Friday, January 27, 2012

Muscular Fitness



  • Muscle fitness has two components namely muscular strength and muscular endurance
o   Strength is the amount of force you can produce with a single maximal effort of a muscle group
o   Muscular endurance is the capacity of the skeletal muscles continue contracting over a long period of time
  • Characteristics of Skeletal Muscle
o   Excitability (Responsiveness) – Muscles can be stimulated by electrical, chemical and physical means
o   Contractibility – a muscle responds to stimuli by contracting
  • There are three distinct types of muscle fibers, slow-twitch (Type 1), fast-twitch (Type IIb) and (Type IIa)

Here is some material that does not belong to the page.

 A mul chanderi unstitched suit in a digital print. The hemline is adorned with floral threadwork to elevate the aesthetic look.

o   The slow-twitch fibers are generally red in color. Slow twitch fibers generate less tension but are more resistant to faigue. Low intensity, longer duration
o   Fast-twitch fibers are generally white in color. They generate greater tension than slow twitch fibers, but they fatigue more quickly. High intensity, shorter duration
o   Some people inherit a higher percentage of one muscle fiber to another
  • Type of Muscle Contraction
o   Agonist – the prime mover; the muscle which performs the movement
o   Antagonist – the muscle that performs the opposing movement to that of the agonist
o   Synergists – synergistic muscles are those which aid in a movement
o   Fixators – muscles which work to keep a part from moving; stabilizers; neutralizers.
o   Flexion – bending a joint to decrease the angle between the two bones or two body parts
o   Extension - bending a joint to increase the angle between the two bones or two body parts
o   Dorsiflexion – Bending of the foot that causes the toe to point upward.

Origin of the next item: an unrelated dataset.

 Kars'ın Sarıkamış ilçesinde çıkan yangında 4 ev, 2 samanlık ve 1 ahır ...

o   Plantar Flexion - Bending of the foot that causes the toe to point downward.
o   Abduction – moving the body part away from the midline of the body
o   Adduction – moving the body towards the midline the body
o   Medial Rotation – moving the body parts around its axis (inward rotation)

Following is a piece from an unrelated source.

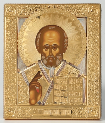 Икона в штампованном окладе 11*13 серебро / киот / золочение / Николай Чудотворец (УИН)

o   Lateral Rotation - moving the body parts around its axis (outward rotation)
o   Pronation – turning the palm of the hand downward
o   Supination – turning the palm of the hand upward
  • Major Muscle Groups
o   Back Muscles
1. Trapezius – the triangular muscle that extends from the neck to the shoulders and mid back
2. Latissimi dorsi – major muscle that extends from armpits along both sides of the small of the back
o   Chest Muscles
1. Pectoralis – fan like muscles that protect the upper rib cage
2. Subclavius – small, cylindrical muscle between the collarbone and first rib
o   Shoulder Muscles
1. Deltoids – thick large, triangular muscles that run from the top of the shoulders into the upper arm
2. Trapezius - the triangular muscle that extends from the neck to the shoulders and mid back
o   Arm Muscles
1. Biceps – beginning below the top of the shoulder and ending slightly below the elbow
2. Triceps – triangular muscle that extends from the top of the shoulders to the elbow
3. Forearms – flexors ad extensor muscles that enable the curling of the wrist
o   Leg Muscles
1. Quadriceps – four muscles that comprise the front of the thigh and allow extensions of the knee and flecing of the hips
2. Gluteals – gluteus maximus and minimus enable extensions of the hip and knee
3. Hamstrings – three muscles at rear of leg used for flexing knee and extending hip.
4. Soleus – larger of the two calf muscles, helps with jumping and shifting of weight
5. Gastrocnemius – gastroc is the part of the calf that helps from the correct foot postion.
Abdominals
1. Rectus Abdominis – along muscle that extends the length of the abdomen. It pulls the upper torso towards the hips when the body is slightly flexed at the waist.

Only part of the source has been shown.